··· Material provided ···
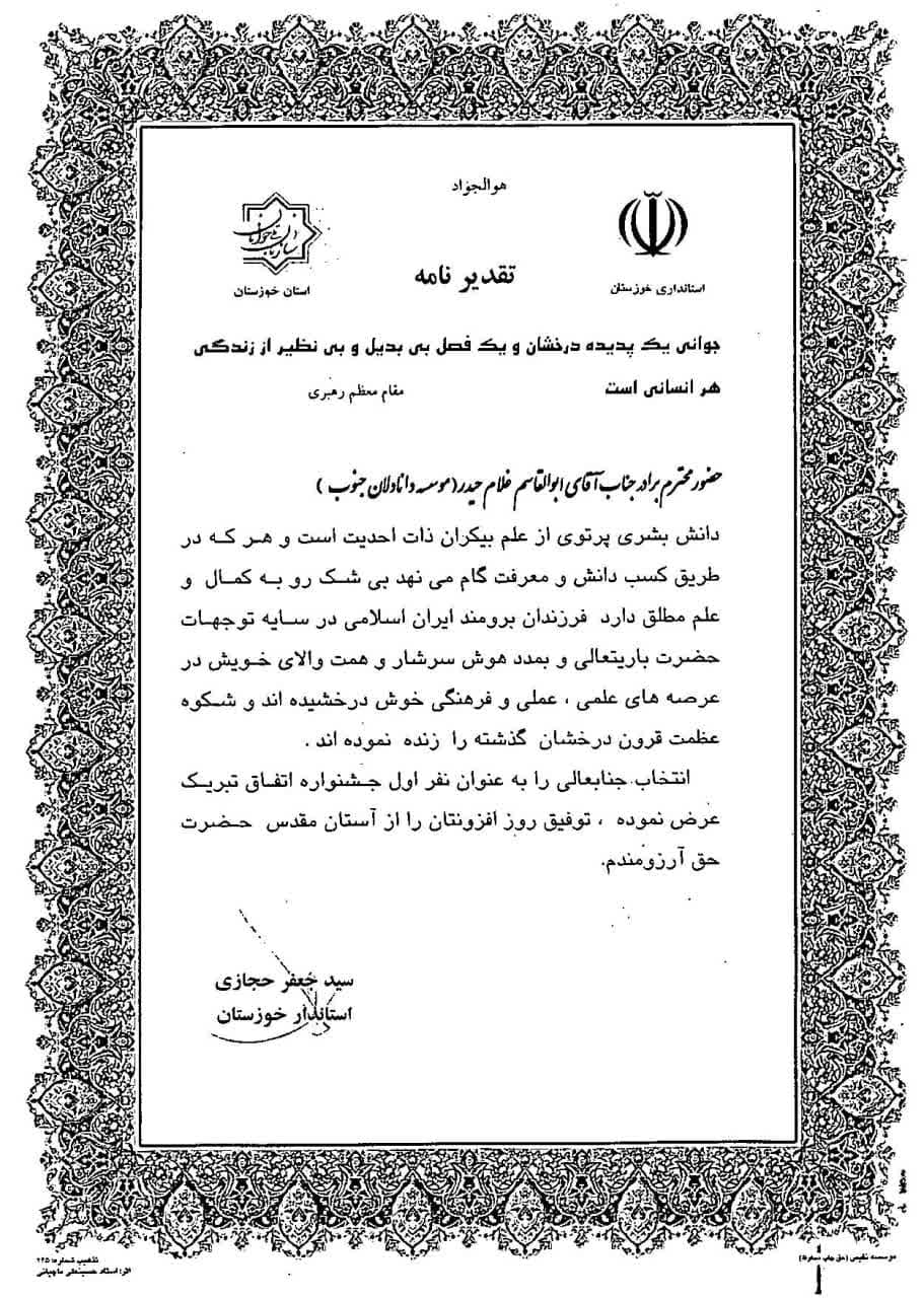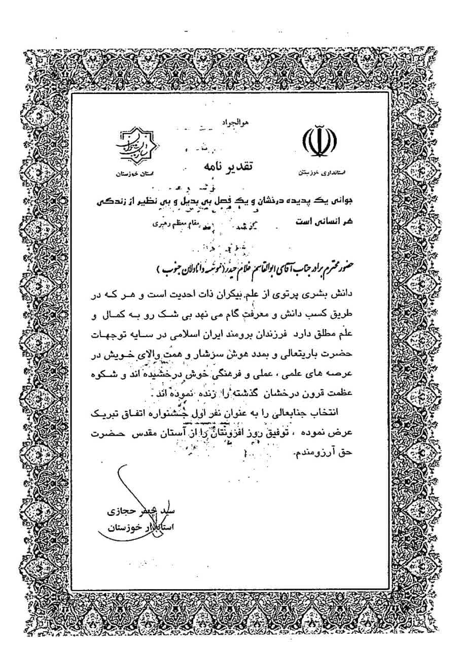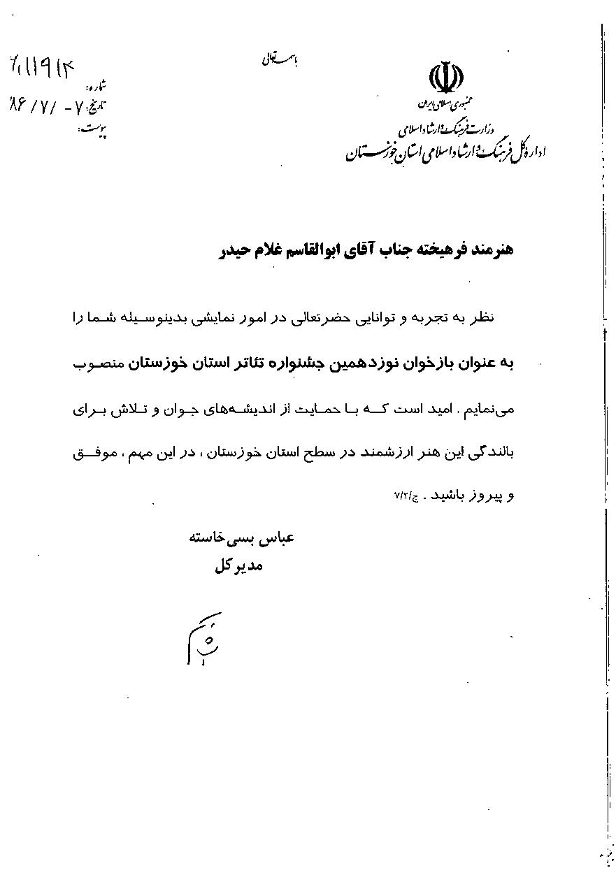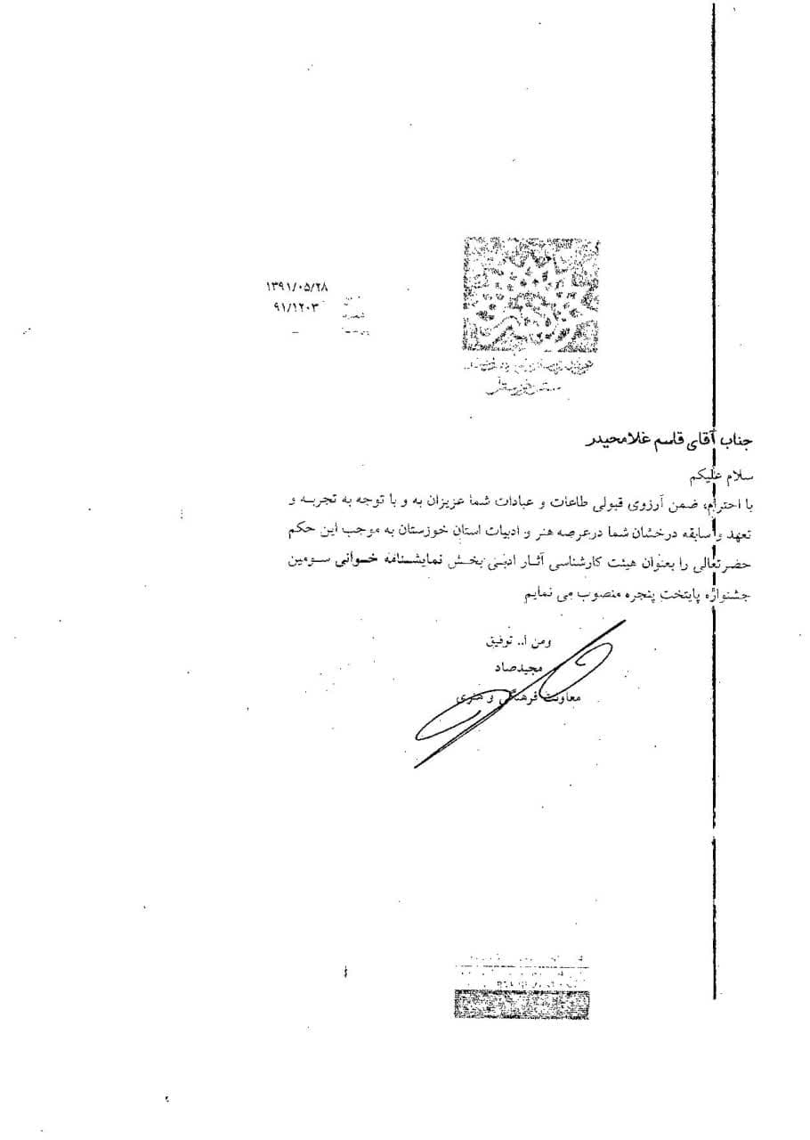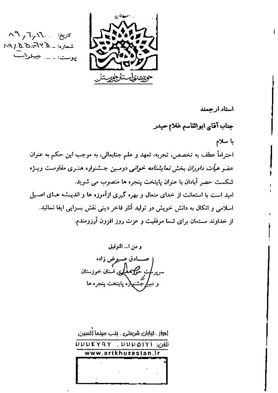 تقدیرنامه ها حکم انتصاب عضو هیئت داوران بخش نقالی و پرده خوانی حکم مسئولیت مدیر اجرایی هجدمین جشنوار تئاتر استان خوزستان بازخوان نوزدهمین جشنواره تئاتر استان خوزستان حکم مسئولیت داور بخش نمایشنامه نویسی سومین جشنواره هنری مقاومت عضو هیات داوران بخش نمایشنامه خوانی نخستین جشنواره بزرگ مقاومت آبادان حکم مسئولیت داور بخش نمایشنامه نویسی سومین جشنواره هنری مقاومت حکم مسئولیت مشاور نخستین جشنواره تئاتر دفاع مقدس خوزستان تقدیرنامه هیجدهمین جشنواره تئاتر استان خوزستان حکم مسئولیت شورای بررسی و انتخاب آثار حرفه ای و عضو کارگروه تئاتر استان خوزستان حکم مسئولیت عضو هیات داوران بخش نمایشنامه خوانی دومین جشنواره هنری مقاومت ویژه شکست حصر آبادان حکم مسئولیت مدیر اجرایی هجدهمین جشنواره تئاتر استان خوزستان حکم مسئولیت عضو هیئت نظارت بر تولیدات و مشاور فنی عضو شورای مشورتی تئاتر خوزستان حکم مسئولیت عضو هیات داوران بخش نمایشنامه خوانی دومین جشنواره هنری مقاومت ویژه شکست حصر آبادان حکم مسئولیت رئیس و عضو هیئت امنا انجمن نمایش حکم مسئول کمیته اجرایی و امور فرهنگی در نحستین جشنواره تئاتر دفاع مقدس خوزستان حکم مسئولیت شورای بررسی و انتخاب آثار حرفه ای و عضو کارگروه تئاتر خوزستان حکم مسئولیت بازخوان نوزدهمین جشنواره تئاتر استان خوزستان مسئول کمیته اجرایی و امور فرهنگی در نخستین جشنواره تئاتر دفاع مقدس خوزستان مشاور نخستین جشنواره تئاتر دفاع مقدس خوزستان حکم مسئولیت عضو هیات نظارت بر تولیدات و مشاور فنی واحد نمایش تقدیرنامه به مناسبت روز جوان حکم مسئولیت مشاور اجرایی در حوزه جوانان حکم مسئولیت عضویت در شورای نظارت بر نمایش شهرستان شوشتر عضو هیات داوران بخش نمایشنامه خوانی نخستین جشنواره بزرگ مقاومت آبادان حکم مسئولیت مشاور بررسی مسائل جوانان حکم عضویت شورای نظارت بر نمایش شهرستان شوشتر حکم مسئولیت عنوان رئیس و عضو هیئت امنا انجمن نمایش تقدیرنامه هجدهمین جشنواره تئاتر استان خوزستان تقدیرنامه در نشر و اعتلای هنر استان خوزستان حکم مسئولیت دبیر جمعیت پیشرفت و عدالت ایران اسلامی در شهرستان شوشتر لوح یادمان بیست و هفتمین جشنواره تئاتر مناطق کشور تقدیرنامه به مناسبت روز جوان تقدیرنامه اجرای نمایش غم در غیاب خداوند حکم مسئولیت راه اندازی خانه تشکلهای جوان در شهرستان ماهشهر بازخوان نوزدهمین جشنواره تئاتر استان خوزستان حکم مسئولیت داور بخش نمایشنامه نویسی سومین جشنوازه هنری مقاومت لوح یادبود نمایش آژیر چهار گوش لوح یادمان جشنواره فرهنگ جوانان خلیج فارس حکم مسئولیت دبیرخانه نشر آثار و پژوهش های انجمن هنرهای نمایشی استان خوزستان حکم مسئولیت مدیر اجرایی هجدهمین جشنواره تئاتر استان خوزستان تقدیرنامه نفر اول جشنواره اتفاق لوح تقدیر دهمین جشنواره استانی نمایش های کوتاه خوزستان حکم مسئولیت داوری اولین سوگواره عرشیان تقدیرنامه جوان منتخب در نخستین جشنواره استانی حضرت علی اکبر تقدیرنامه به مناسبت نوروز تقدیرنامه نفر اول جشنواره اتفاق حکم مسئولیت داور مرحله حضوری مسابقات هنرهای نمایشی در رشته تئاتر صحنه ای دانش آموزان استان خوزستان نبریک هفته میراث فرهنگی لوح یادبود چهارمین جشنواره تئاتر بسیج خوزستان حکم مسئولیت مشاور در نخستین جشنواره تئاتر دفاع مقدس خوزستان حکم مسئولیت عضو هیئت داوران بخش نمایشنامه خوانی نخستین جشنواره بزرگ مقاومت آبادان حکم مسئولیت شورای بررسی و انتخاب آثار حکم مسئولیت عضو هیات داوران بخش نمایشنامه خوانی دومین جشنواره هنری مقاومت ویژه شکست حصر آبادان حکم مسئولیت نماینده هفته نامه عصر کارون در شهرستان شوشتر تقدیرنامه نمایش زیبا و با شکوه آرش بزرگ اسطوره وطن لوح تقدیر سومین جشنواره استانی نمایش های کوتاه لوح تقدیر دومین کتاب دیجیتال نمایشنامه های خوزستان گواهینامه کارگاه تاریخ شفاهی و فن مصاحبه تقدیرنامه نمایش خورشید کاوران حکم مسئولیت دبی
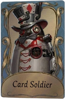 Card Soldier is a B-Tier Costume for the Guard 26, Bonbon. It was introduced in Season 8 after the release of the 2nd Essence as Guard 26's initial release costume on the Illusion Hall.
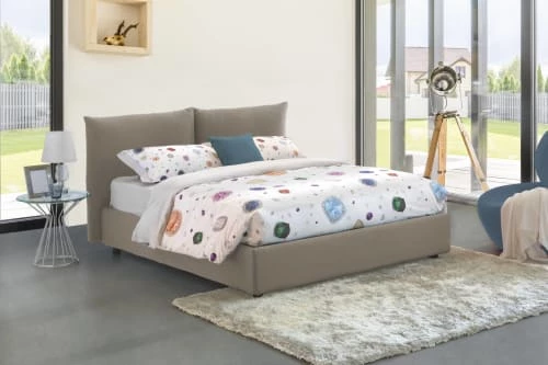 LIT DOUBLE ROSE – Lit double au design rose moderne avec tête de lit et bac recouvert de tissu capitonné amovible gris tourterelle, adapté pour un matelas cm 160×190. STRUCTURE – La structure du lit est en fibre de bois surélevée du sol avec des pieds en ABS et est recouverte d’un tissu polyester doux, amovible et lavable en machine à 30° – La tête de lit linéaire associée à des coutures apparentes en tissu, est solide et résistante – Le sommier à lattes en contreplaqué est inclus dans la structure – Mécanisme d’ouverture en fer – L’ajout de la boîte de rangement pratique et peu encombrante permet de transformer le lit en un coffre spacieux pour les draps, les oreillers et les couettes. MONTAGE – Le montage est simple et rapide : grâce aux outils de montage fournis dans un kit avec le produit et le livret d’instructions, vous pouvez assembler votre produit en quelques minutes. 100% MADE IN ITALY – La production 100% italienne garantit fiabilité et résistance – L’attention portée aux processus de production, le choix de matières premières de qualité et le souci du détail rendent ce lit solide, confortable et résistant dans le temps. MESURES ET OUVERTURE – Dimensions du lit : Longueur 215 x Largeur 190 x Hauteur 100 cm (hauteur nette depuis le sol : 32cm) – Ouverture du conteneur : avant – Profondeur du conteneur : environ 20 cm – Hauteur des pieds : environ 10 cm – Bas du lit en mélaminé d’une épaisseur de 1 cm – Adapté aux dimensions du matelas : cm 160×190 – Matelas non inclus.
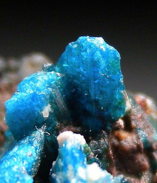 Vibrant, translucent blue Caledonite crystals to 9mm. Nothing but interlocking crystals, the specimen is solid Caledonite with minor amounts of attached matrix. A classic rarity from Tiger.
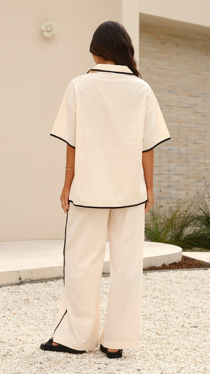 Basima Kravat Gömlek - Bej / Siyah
···
- About this exercise:
From the first line to the last, repeat the entries exactly and leave out the pictures.

- Response area:
 تقدیرنامه ها حکم انتصاب عضو هیئت داوران بخش نقالی و پرده خوانی حکم مسئولیت مدیر اجرایی هجدمین جشنوار تئاتر استان خوزستان بازخوان نوزدهمین جشنواره تئاتر استان خوزستان حکم مسئولیت داور بخش نمایشنامه نویسی سومین جشنواره هنری مقاومت عضو هیات داوران بخش نمایشنامه خوانی نخستین جشنواره بزرگ مقاومت آبادان حکم مسئولیت داور بخش نمایشنامه نویسی سومین جشنواره هنری مقاومت حکم مسئولیت مشاور نخستین جشنواره تئاتر دفاع مقدس خوزستان تقدیرنامه هیجدهمین جشنواره تئاتر استان خوزستان حکم مسئولیت شورای بررسی و انتخاب آثار حرفه ای و عضو کارگروه تئاتر استان خوزستان حکم مسئولیت عضو هیات داوران بخش نمایشنامه خوانی دومین جشنواره هنری مقاومت ویژه شکست حصر آبادان حکم مسئولیت مدیر اجرایی هجدهمین جشنواره تئاتر استان خوزستان حکم مسئولیت عضو هیئت نظارت بر تولیدات و مشاور فنی عضو شورای مشورتی تئاتر خوزستان حکم مسئولیت عضو هیات داوران بخش نمایشنامه خوانی دومین جشنواره هنری مقاومت ویژه شکست حصر آبادان حکم مسئولیت رئیس و عضو هیئت امنا انجمن نمایش حکم مسئول کمیته اجرایی و امور فرهنگی در نحستین جشنواره تئاتر دفاع مقدس خوزستان حکم مسئولیت شورای بررسی و انتخاب آثار حرفه ای و عضو کارگروه تئاتر خوزستان حکم مسئولیت بازخوان نوزدهمین جشنواره تئاتر استان خوزستان مسئول کمیته اجرایی و امور فرهنگی در نخستین جشنواره تئاتر دفاع مقدس خوزستان مشاور نخستین جشنواره تئاتر دفاع مقدس خوزستان حکم مسئولیت عضو هیات نظارت بر تولیدات و مشاور فنی واحد نمایش تقدیرنامه به مناسبت روز جوان حکم مسئولیت مشاور اجرایی در حوزه جوانان حکم مسئولیت عضویت در شورای نظارت بر نمایش شهرستان شوشتر عضو هیات داوران بخش نمایشنامه خوانی نخستین جشنواره بزرگ مقاومت آبادان حکم مسئولیت مشاور بررسی مسائل جوانان حکم عضویت شورای نظارت بر نمایش شهرستان شوشتر حکم مسئولیت عنوان رئیس و عضو هیئت امنا انجمن نمایش تقدیرنامه هجدهمین جشنواره تئاتر استان خوزستان تقدیرنامه در نشر و اعتلای هنر استان خوزستان حکم مسئولیت دبیر جمعیت پیشرفت و عدالت ایران اسلامی در شهرستان شوشتر لوح یادمان بیست و هفتمین جشنواره تئاتر مناطق کشور تقدیرنامه به مناسبت روز جوان تقدیرنامه اجرای نمایش غم در غیاب خداوند حکم مسئولیت راه اندازی خانه تشکلهای جوان در شهرستان ماهشهر بازخوان نوزدهمین جشنواره تئاتر استان خوزستان حکم مسئولیت داور بخش نمایشنامه نویسی سومین جشنوازه هنری مقاومت لوح یادبود نمایش آژیر چهار گوش لوح یادمان جشنواره فرهنگ جوانان خلیج فارس حکم مسئولیت دبیرخانه نشر آثار و پژوهش های انجمن هنرهای نمایشی استان خوزستان حکم مسئولیت مدیر اجرایی هجدهمین جشنواره تئاتر استان خوزستان تقدیرنامه نفر اول جشنواره اتفاق لوح تقدیر دهمین جشنواره استانی نمایش های کوتاه خوزستان حکم مسئولیت داوری اولین سوگواره عرشیان تقدیرنامه جوان منتخب در نخستین جشنواره استانی حضرت علی اکبر تقدیرنامه به مناسبت نوروز تقدیرنامه نفر اول جشنواره اتفاق حکم مسئولیت داور مرحله حضوری مسابقات هنرهای نمایشی در رشته تئاتر صحنه ای دانش آموزان استان خوزستان نبریک هفته میراث فرهنگی لوح یادبود چهارمین جشنواره تئاتر بسیج خوزستان حکم مسئولیت مشاور در نخستین جشنواره تئاتر دفاع مقدس خوزستان حکم مسئولیت عضو هیئت داوران بخش نمایشنامه خوانی نخستین جشنواره بزرگ مقاومت آبادان حکم مسئولیت شورای بررسی و انتخاب آثار حکم مسئولیت عضو هیات داوران بخش نمایشنامه خوانی دومین جشنواره هنری مقاومت ویژه شکست حصر آبادان حکم مسئولیت نماینده هفته نامه عصر کارون در شهرستان شوشتر تقدیرنامه نمایش زیبا و با شکوه آرش بزرگ اسطوره وطن لوح تقدیر سومین جشنواره استانی نمایش های کوتاه لوح تقدیر دومین کتاب دیجیتال نمایشنامه های خوزستان گواهینامه کارگاه تاریخ شفاهی و فن مصاحبه تقدیرنامه نمایش خورشید کاوران حکم مسئولیت دبی
 Card Soldier is a B-Tier Costume for the Guard 26, Bonbon. It was introduced in Season 8 after the release of the 2nd Essence as Guard 26's initial release costume on the Illusion Hall.
 LIT DOUBLE ROSE – Lit double au design rose moderne avec tête de lit et bac recouvert de tissu capitonné amovible gris tourterelle, adapté pour un matelas cm 160×190. STRUCTURE – La structure du lit est en fibre de bois surélevée du sol avec des pieds en ABS et est recouverte d’un tissu polyester doux, amovible et lavable en machine à 30° – La tête de lit linéaire associée à des coutures apparentes en tissu, est solide et résistante – Le sommier à lattes en contreplaqué est inclus dans la structure – Mécanisme d’ouverture en fer – L’ajout de la boîte de rangement pratique et peu encombrante permet de transformer le lit en un coffre spacieux pour les draps, les oreillers et les couettes. MONTAGE – Le montage est simple et rapide : grâce aux outils de montage fournis dans un kit avec le produit et le livret d’instructions, vous pouvez assembler votre produit en quelques minutes. 100% MADE IN ITALY – La production 100% italienne garantit fiabilité et résistance – L’attention portée aux processus de production, le choix de matières premières de qualité et le souci du détail rendent ce lit solide, confortable et résistant dans le temps. MESURES ET OUVERTURE – Dimensions du lit : Longueur 215 x Largeur 190 x Hauteur 100 cm (hauteur nette depuis le sol : 32cm) – Ouverture du conteneur : avant – Profondeur du conteneur : environ 20 cm – Hauteur des pieds : environ 10 cm – Bas du lit en mélaminé d’une épaisseur de 1 cm – Adapté aux dimensions du matelas : cm 160×190 – Matelas non inclus.
 Vibrant, translucent blue Caledonite crystals to 9mm. Nothing but interlocking crystals, the specimen is solid Caledonite with minor amounts of attached matrix. A classic rarity from Tiger.
 Basima Kravat Gömlek - Bej / Siyah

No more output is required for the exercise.